Joshua and the israelites



BY: Fr. Karabari Paul



“No one Who puts his hand to the plough and looks back is fit for the kingdom of God.”

At some point in our lives, we have probably all come up with reasons why we shouldn’t have to do the thing we have been asked to do. And sometimes that can be something God has asked us to do. When He calls us to do something for Him, things like fear of the unknown, fear of failure, and not feeling good enough can all stop us from taking that step out of our comfort zones and following His will. When God speaks to us, and tells us what He would love us to do, we have a choice to make. We either make a commitment or make an excuse.

The readings today (1 Kings 19:16b.19-21, Galatians 5:1, 13-18, Luke 9:51-62) talk about God calling individuals and their responses shown either in acceptance or rejection. For those who have accepted to follow God, a total commitment is required. At first, some Samaritan villagers resisted Jesus who was only making entry to Jerusalem. Jesus could see them as mere distractions and not a necessary group of enemies to be consumed by fire. Sometimes, we do not realise that it is a complete waste of energies to focus on some perceived enemies. They could just be distractions.

A man walked up to Jesus and indicated interest in being a disciple but Jesus never accepted. However, He invited others who came up with various excuses. Often, what comes may not be what you need, and what you need may not be available exactly when you need it. Commonly, we only have a few people in our inner circle. These are the people that we are close to, we trust, and we can confide in. We need to be wise when it comes to who we allow into that circle. It really hurts when we discover that not everyone has our best interests at heart. So we must learn to be discerning, and know on what level to interact with people.

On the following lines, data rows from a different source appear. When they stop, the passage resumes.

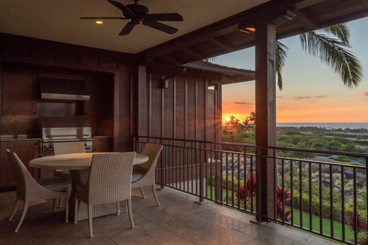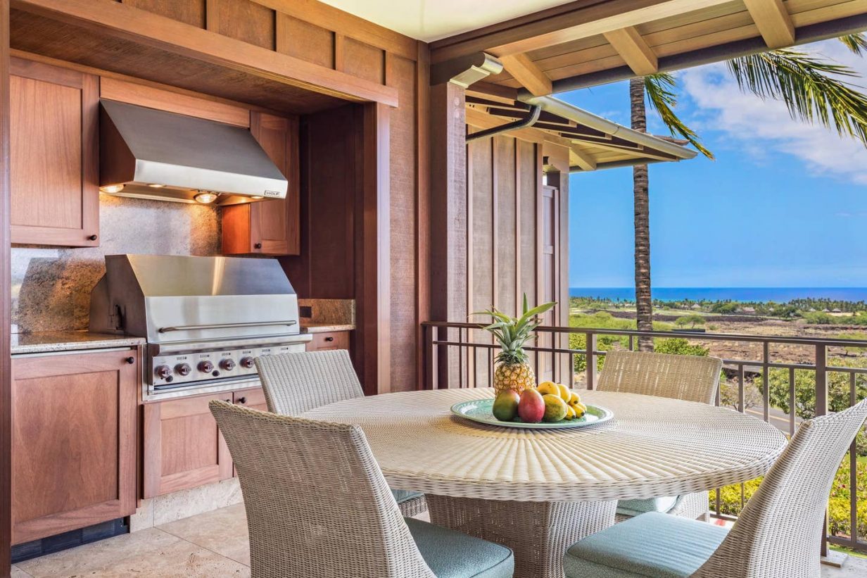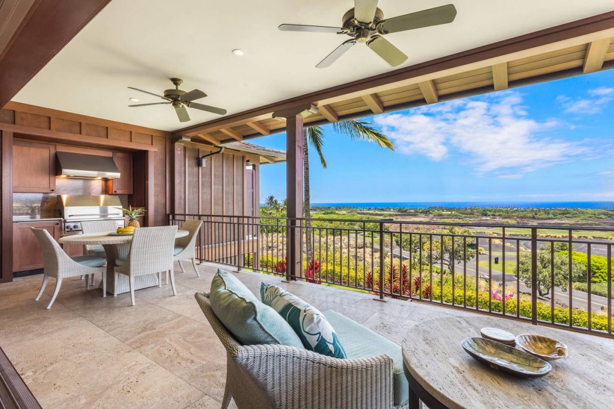 Built-in 2009, Haliipua Villas are the newest generation of multi-family villas at Hualalai offering an array of designer finishes throughout the home. Special features include luxurious mahogany finishes, island-inspired ceiling treatments, enhanced lighting systems, built-in lanai kitchen/barbecue, and 2 sumptuous lava rock garden showers. Property features 3 bedrooms and 3.5 baths on the ground level with a spacious living area on the upper floor. Panoramic ocean, coastal and sunset views are enjoyed from a large, covered, ocean-facing lanai with Hualalai and Mauna Kea views available from the mountain facing windows of the villa. A “bonus” family room is situated on the ground floor leading to a tropical-landscaped courtyard with bubbling water features. The king-bedded master bedroom includes a walk-in closet and a large ensuite bathroom with an outdoor shower garden. Bedroom 2 is an ocean view room with twin beds that may be converted to a king, and ensuite bath. Bedroom 3 is a “second master” with a large ensuite bath and shower garden of its own. The kitchen is well equipped and is open to a sitting area and “great room” with high, vaulted ceilings and wonderful ocean views. The villa is fully air-conditioned with zone controls. Two golf carts can whisk guests off to the Sports Cub & Spa and Four Seasons Hotel in just a few minutes or enjoy a leisurely stroll along the Jack Nicklaus-designed Hualalai Golf Course = excellent, central location in the Resort!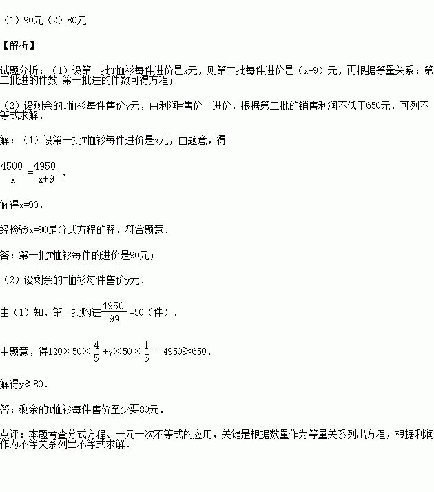 兴发服装店老板用4500元购进一批某款T恤衫,由于深受顾客喜爱,很快售完,老板又用4950元购进第二批该款式T恤衫,所购数量与第一批相同,但每件进价比第一批多了9元.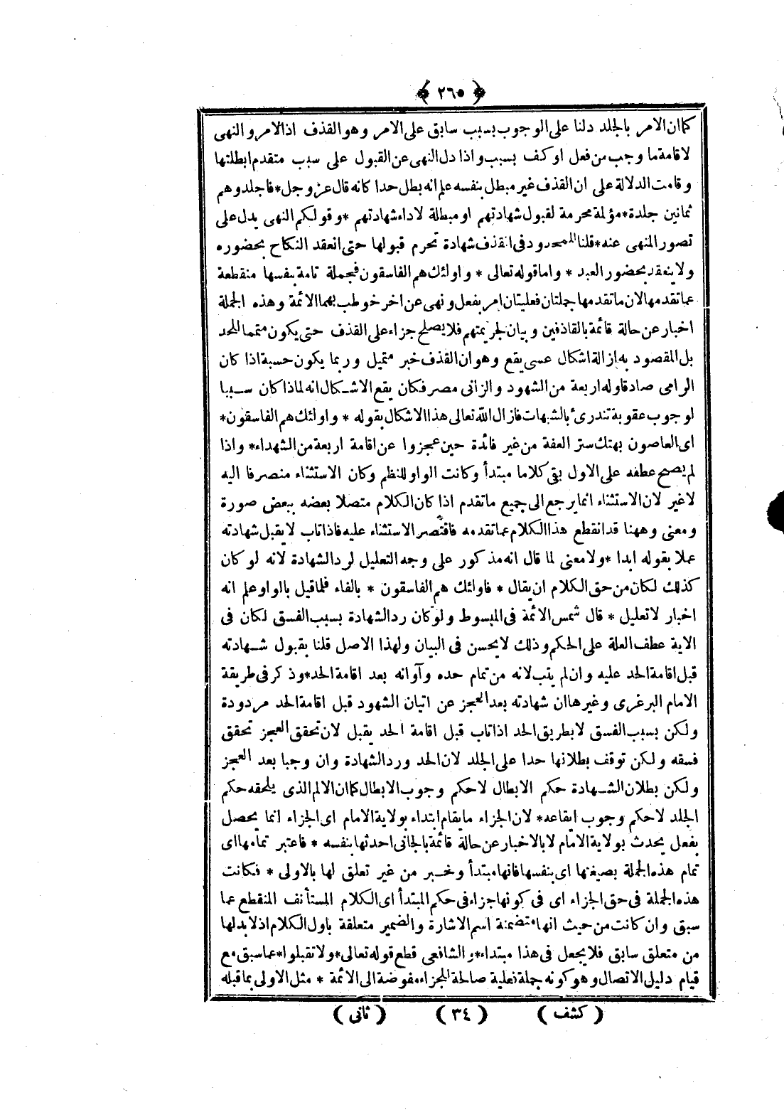 ـــــــــــــــــــــــــــــQكَمَا أَنَّ الْأَمْرَ بِالْجَلْدِ دَلَّنَا عَلَى الْوُجُوبِ بِسَبَبٍ سَابِقٍ عَلَى الْأَمْرِ وَهُوَ الْقَذْفُ إذْ الْأَمْرُ وَالنَّهْيُ لِإِقَامَةِ مَا وَجَبَ مِنْ فِعْلٍ أَوْ كَفٍّ بِسَبَبٍ وَإِذَا دَلَّ النَّهْيُ عَنْ الْقَبُولِ عَلَى سَبَبٍ مُتَقَدِّمٍ أَبْطَلَتْهَا وَقَامَتْ الدَّلَالَةُ عَلَى أَنَّ الْقَذْفَ غَيْرُ مُبْطِلٍ بِنَفْسِهِ عُلِمَ أَنَّهُ بَطَلَ حَدًّا كَأَنَّهُ قَالَ عَزَّ وَجَلَّ {فَاجْلِدُوهُمْ ثَمَانِينَ جَلْدَةً} [النور: 4] مُؤْلِمَةً مُحَرِّمَةً لِقَبُولِ شَهَادَتِهِمْ أَوْ مُبْطِلَةً لِأَدَاءِ شَهَادَتِهِمْ وَقَوْلُكُمْ النَّهْيُ يَدُلُّ عَلَى تَصَوُّرِ الْمَنْهِيِّ عَنْهُ.

Does it not shock you that someone wanted to follow Jesus but He refused? Not everyone can be your friend. It has nothing to do with hate. Do not hate anyone. Love everyone as much as you can. The Bible warns us: ‘One who has unreliable friends soon comes to ruin, but there is a friend who sticks closer than a brother’ (Proverbs 18:24).

God told Elijah that Elisha would eventually take his place as prophet. And Elisha’s ministry started like this: ‘He took his yoke of oxen and slaughtered them. He burned the plowing equipment to cook the meat and gave it to the people …Then he set out to follow Elijah.’ It sounds pretty drastic. Destroying his old way of life meant he could never go back to it. But it was actually quite symbolic.
It was the end of Elisha the farmer, and the beginning of Elisha the prophet.

When we try and change something about ourselves, or start something new, we can find it hard to take that first step. We come up with excuses as to why we can’t do it. Maybe we are comfortable as we are, we don’t want the risk of change or it’s not the right time. The thing is, we can’t just take a step forward into the future; we also have to remove the things that could lead us backwards into the past. To begin a new chapter, we must end an old chapter.

Elisha didn’t need to burn his plowing equipment to follow Elijah, but it made a statement. It was a statement of faith. There was no turning back. Whether it is in our relationships, lifestyles or something else, we need to end a chapter before we can fully move into the new one. When God told Lot and his family to leave Sodom, the angels warned them not to look back: ‘Don’t look back, and don’t stop anywhere in the plain!’ (Genesis 19:17). They needed to keep their eyes on what was ahead, not their old life. And we need to do the same.

If God’s telling us to do something, we need to take His hand and move forward in faith. We don’t want to miss out on the opportunity to play our part in God’s kingdom. So let us stop making excuses and trust Him to help us to do whatever He is asking of us. GOD IS STILL ON THE THRONE. May God bless you and your household always through Christ Our Lord Amen. Happy Sunday.